Young exec York has proven abilities to successfully lead 49ers franchise this season
In San Jose, Tim Kawakami writes in a "single golden season," 49ers President & CEO Jed York, "the unproven heir to the dynasty has suddenly proved so many things." The team is one game from the Super Bowl, QB Alex Smith is a "national sensation, the defense is ferocious, and the 49ers have financing in place for a new Santa Clara stadium." York is "not so young and untested anymore; he's just a winning NFL chief executive -- albeit still a fairly young one." York said, "It's been fun. It's been a great year. Everything we've done on and off the field has been fantastic" (SAN JOSE MERCURY NEWS, 1/20).

CHOICE OR NECESSITY? In Boston, Dan Shaughnessy writes the Red Sox' '11-12 offseason "hasn't done much to boost fans' hopes." GM Ben Cherington said Thursday, "There’s been significant commitments made the last two offseasons which pushed our payroll further north, and we made those decisions knowing that it wasn’t going to continue to go further north at the same trajectory forever. At some point, there’s a limit. There’s no marker necessarily on where that limit is, but we made decisions over the last two offseasons knowing we were going to be closer to where that threshold is." Shaughnessy writes the Red Sox "charge fans a ton of money for tickets," and NESN "makes a bundle." Owner John Henry "and friends have demonstrated a willingness to spend in commensurate fashion during their 10-year stewardship." But now it "feels like they are pulling back, holding the line, worrying about luxury tax, and (gulp) monies spent on Liverpool soccer." Red Sox "spinmeisters need to cease promoting the notion that the ball club is tapped out and can’t spend more." Shaughnessy: "The money is there. Holding the line on spending is a choice, not a necessity" (BOSTON GLOBE, 1/20).
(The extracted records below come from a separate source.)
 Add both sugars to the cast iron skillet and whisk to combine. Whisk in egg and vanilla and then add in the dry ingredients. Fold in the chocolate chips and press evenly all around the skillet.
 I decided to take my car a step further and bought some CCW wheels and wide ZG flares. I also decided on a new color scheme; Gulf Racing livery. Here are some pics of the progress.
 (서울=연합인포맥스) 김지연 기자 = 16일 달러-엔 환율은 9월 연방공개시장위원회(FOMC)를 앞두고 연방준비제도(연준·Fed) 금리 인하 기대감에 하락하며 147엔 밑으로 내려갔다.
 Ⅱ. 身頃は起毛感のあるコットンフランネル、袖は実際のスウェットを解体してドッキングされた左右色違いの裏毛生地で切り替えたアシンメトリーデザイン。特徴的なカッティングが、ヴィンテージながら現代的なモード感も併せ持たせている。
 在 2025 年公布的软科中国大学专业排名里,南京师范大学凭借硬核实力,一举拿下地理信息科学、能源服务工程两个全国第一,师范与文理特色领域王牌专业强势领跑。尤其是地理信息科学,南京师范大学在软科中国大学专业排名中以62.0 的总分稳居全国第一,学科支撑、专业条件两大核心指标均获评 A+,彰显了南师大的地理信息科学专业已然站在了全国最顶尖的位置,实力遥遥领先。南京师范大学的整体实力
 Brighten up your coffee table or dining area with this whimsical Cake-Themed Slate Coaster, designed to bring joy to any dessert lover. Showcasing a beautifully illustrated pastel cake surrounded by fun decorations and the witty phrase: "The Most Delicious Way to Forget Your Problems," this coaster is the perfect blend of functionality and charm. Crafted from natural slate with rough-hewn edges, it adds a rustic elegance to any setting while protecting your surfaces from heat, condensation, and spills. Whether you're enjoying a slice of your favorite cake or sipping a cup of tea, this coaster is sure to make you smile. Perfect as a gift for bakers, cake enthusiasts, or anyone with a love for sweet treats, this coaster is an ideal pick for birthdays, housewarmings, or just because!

PAYROLL ON THE RISE: In Phoenix, Nick Piecoro notes the D'Backs have "found themselves with a payroll they say will be north of $79 million, putting them in position to potentially lose money if things don't go according to plan." D'Backs President & CEO Derrick Hall said, "That's a credit to (Managing General Partner) Ken (Kendrick) and ownership. We now have some pressure to increase revenues, but we think we can." Hall added, "I think revenues will naturally go up after the season we had last year and the investments we made this off-season. With that, it's a bit of a roll of the dice, but we're just trying to break even, as you know. Do we think we can break even with an increased payroll? We certainly hope so, because our team is that much better." Hall said that the club's season-ticket "renewal rate is about 87 percent and added that the team sold 1,400 new accounts, which he said amounts to 'over $1 million in revenue right there'" (ARIZONA REPUBLIC, 1/20).

WHERE IS EVERYONE? In Milwaukee, Don Walker noted it is "still early in the season, but home attendance for Milwaukee Bucks games is down markedly." Through the team's "five home games so far, attendance has averaged 13,757, the third lowest in" the NBA. Only the Rockets, "with 13,474 fans per game, and the Detroit Pistons, at 11,719 fans per game, are lower." Last season, the Bucks "averaged 15,412 fans per game, finishing 23rd in the league" (JSONLINE, 1/18).